View Full Version : If you could take a pill to make it all go away, would you!?
Dimentio
September 4th, 2012, 09:17 PM
I am pretty sure this goes in here, If not TWPR, But just angry so not got my head together ha ha.
ANYWHO! Well this homophobic guy was giving me issues on the internet (10th person in 3 months) And he said "If i could give you a pill to make it all go away would you!?" Meaning, To make me straight and everything but i said back simply "My childhood dream was to have a wife and make kids a normal way and have a happy family, And if i was straight i am already certain i fount who my wife would have been, But i was born gay and i can still have a family and i am happy how i am and nothing will change that, Besides, Women seem to love me and men love me to on a different level ;)" And he didn't reply to that ha ha.
So my question for you LGBT people out there, If there was a pill to make you straight and "fix" everything out, Would you take it, Or be like me and don't take it!? Intrested to see what others think ha ha.
InfinantSilence
September 4th, 2012, 09:29 PM
Absolutely not. I love being bi/ gay. Or whatever i am. I wouldn't trade it for the world. And anyone who thinks that all LGBT people would take a magic "pill" to "fix" them. Has completly gone off the deep end. However if there was a pill to fix all the broken reationships, homophobia, bullying, rejction etc. I think all members of the LGBT community would have it.
lou lou
September 4th, 2012, 09:29 PM
I'll sum it up In 1word.........NO!!
I'm happy just the way I am :)
xXJust Jump ItXx
September 4th, 2012, 09:36 PM
Im strait... But if I was bi or gay, Id say no. Haha :)
Midland
September 5th, 2012, 06:08 AM
I wouldn't. It just feels right to be who I am now, who I will always be. I couldn't imagine it any other way.
TigerBoy
September 5th, 2012, 06:31 AM
Hell no.
I love being gay because
I don't want to take part in all the macho bullshit which seems to really screw with straight boys heads sometimes.
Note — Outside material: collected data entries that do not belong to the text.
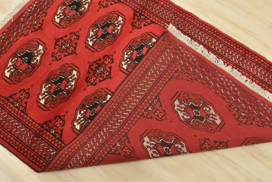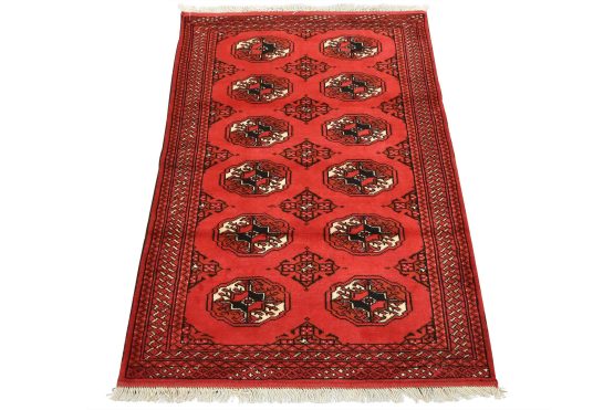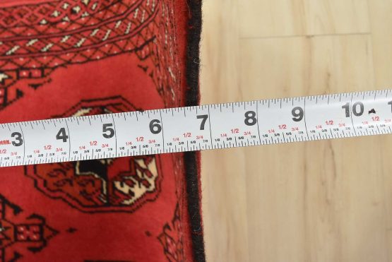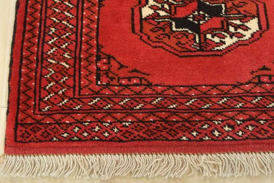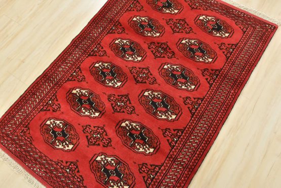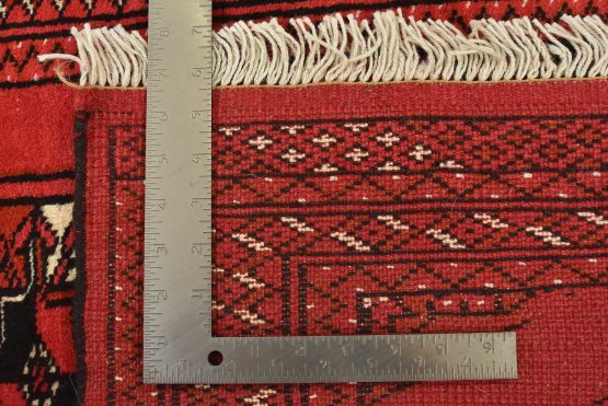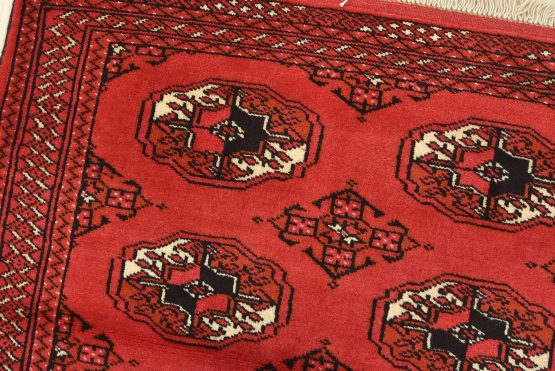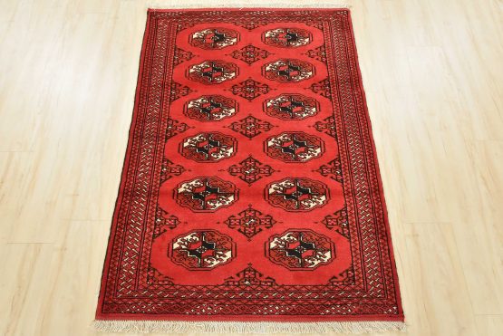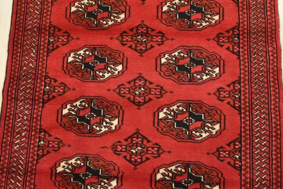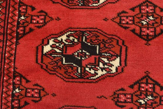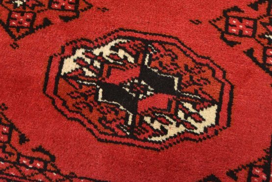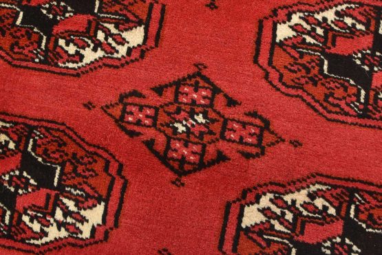 An authentic vintage tribal Turkmen rug hand-knotted with fine wool and natural dyes. This nomadic oriental rug features rows of geometric medallions set against a red background. It has a full wool pile with no worn areas and is in very good condition.
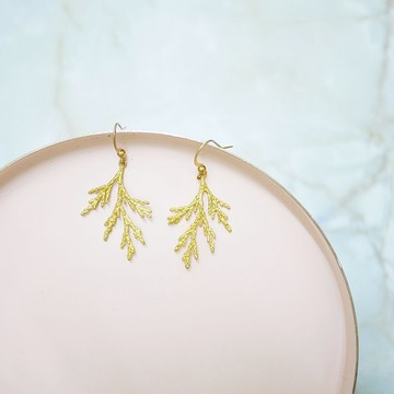 【福利品】自然冷衫葉設計黃銅耳環
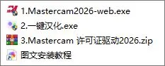 1、下载解压,得到mastercam2026官方正版+一键汉化补丁+许可证驱动;

I love that guys are more straightforward about sex and horniness and romance (at least in my experience anwyay).
Boys have cuter bottoms (cute boy vs cute girl) and I dont know if that is because of teh gay or not lol, but i've heard straight guys on tv admire Kylie's bum and say something like its as pert as young boys, so ... :confused:
I really don't like girl parts to look at, and I've had straight boys tell me the same, but I love the look of (most) boy parts.
I like an equal to wrestle around with, I like that strength and the possibility i'm going to be pinned or whatever.
I like having common interests which might not be the case with a girl.
Its not just that I can't imagine being any other way, but being gay links into so much of the rest of my personality and opinions it would completely change who I am, so talking this pill would kill off 'me'. Do I want to commit suicide? NO.
JustAnotherGay
September 5th, 2012, 02:06 PM
Up until about 5 weeks ago, I would of said Yes. But as you come to terms with being gay, you learn that nothing has really changed. The only thing is that you like guys parts more than girls parts, and who actually cares!
"Love yourself for who you are"
"Prejudice is just Ignorance" and remember...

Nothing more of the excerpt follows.